ABD, Fransa ve İsviçre, gibi ülkelerde örnekleri olan enstitüde, aşı çalışmalarıyla ilgili bir yüksek lisans programının sürdüğünü söyleyen Aydın, "Aşı teknolojisi yüksek lisans ve doktora eğitimiyle ilgili hazırlıklarımız da artık tamamlandı. Büyük olasılıkla ocak ayından itibaren öğrenci alımına başlayacağız. Aşı üretimiyle ilgili hem sektörün ihtiyacı olan deneysel faaliyetlerin planlanması hem de ihtiyaç duyulan insan kaynağının yetiştirilmesi için çalışmalar yapacağız." sözlerini kullandı.

Türkiye Bilimsel ve Teknolojik Araştırma Kurumu, Türkiye Sağlık Enstitüleri Başkanlığı (TÜSEB), Türkiye İlaç ve Tıbbi Cihaz Kurumu ve benzeri paydaşlarla enstitünün ortak çalışmalar yürüttüğünü söyleyen Aydın, aşı üretimiyle ilgili ilerleyen dönemde çok başarılı işlerin ortaya çıkacağını düşündüklerini ifade etti. 

"Sentetik peptit aşıda klinik öncesi araştırmalar tamamlanmak üzere"

Doç. Dr. Aydın, Kovid-19 pandemisinin görülmesiyle birlikte enstitüde TÜSEB destekli sentetik peptit aşısı ile ilgili çalışmaların başlatıldığını hatırlattı.

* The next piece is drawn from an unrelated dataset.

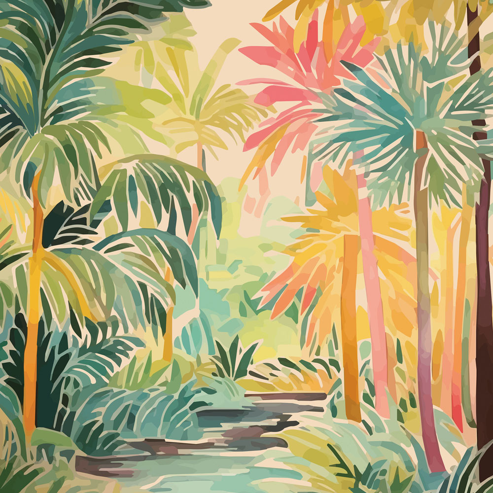Transform your space with the Pretty Palms Green Wall Mural. This captivating design features a tropical scene of palm trees and layers of leaves and foliage in watercolour, with the tall trunks creating height and dimension.

İlk başta Wuhan varyantı yoluyla ilerleyen aşının hayvan deneylerinden olumlu neticeler alındığını söyleyen Aydın, sözlerine şöyle devam etti:

"Aynı çalışmayı şimdi, diğer varyantları da içerecek bir şekle dönüştürüyoruz. Yani aşının Delta ile Omicron'un BA.4, BA.5 varyantlarına karşı etkinliğini inceliyoruz. Şu an bu varyantlara karşı geliştirdiğimiz formülasyonların deney hayvanlarına yönelik çalışmaları devam ediyor, klinik öncesi çalışmalar tamamlanma noktasına geldi. Yakın dönemde klinik aşamaya geçmeyi düşünüyoruz. Şu ana kadar sağladığımız sonuçlar oldukça olumlu, kontrol grubuna göre formülasyonlarımızda 3 katı antikor oluşumu sağladık."

Aydın, yeni varyantlara adaptasyonları daha kolay olduğu değerlendirilen peptit aşıların "belirli bir patojene karşı bağışıklık oluşturmak için geliştirilmiş olan ve patojene ait proteinin belirli bir bölümünü sentetik olarak taklit eden aşılar" biçiminde tanımlandığını aktardı.

"Çalışmalarımız, enfeksiyonlarla mücadelede işe yarayacak"

Doç. Dr. Semra Aydın, yerli aşı çalışmalarına ilişkin "Geç kalındı.", "Geriden mi geliyor?" gibi algıların oluşabildiğine dikkat çekerek, durumun aslında böyle algılanmaması gerektiğini aktardı.

Piyasadaki Kovid-19 aşılarının hepsinin ilk Wuhan varyantına göre üretildiğine ve ardından çok sayıda varyant ortaya çıkması sebebiyle bu aşıların etkinliğinin azaldığına dikkat çeken Aydın, şunları söyledi:

"Aynı zamanda bu çalışmalar, aşı üretiminin Türkiye'de yeniden başlamasını sağladı. Ülkemizde tekrar bir aşı üretim kültürü, buna ilişkin altyapılar oluşuyor. Bunun dışında aşı çalışmalarımız devam eden enfeksiyonlarla mücadelede işe yarayacak. Aşı üretimiyle ilgili ülkemizde tekrar ciddi bir farkındalık ortaya çıktı. Ardından da bütün çocukluk çağı aşılarının Türkiye’de üretildiği, gençlerimizin aşı AR-GE ve üretim faaliyetlerinde aktif olarak görev aldığı bir döneme geçmeyi ümit ediyoruz."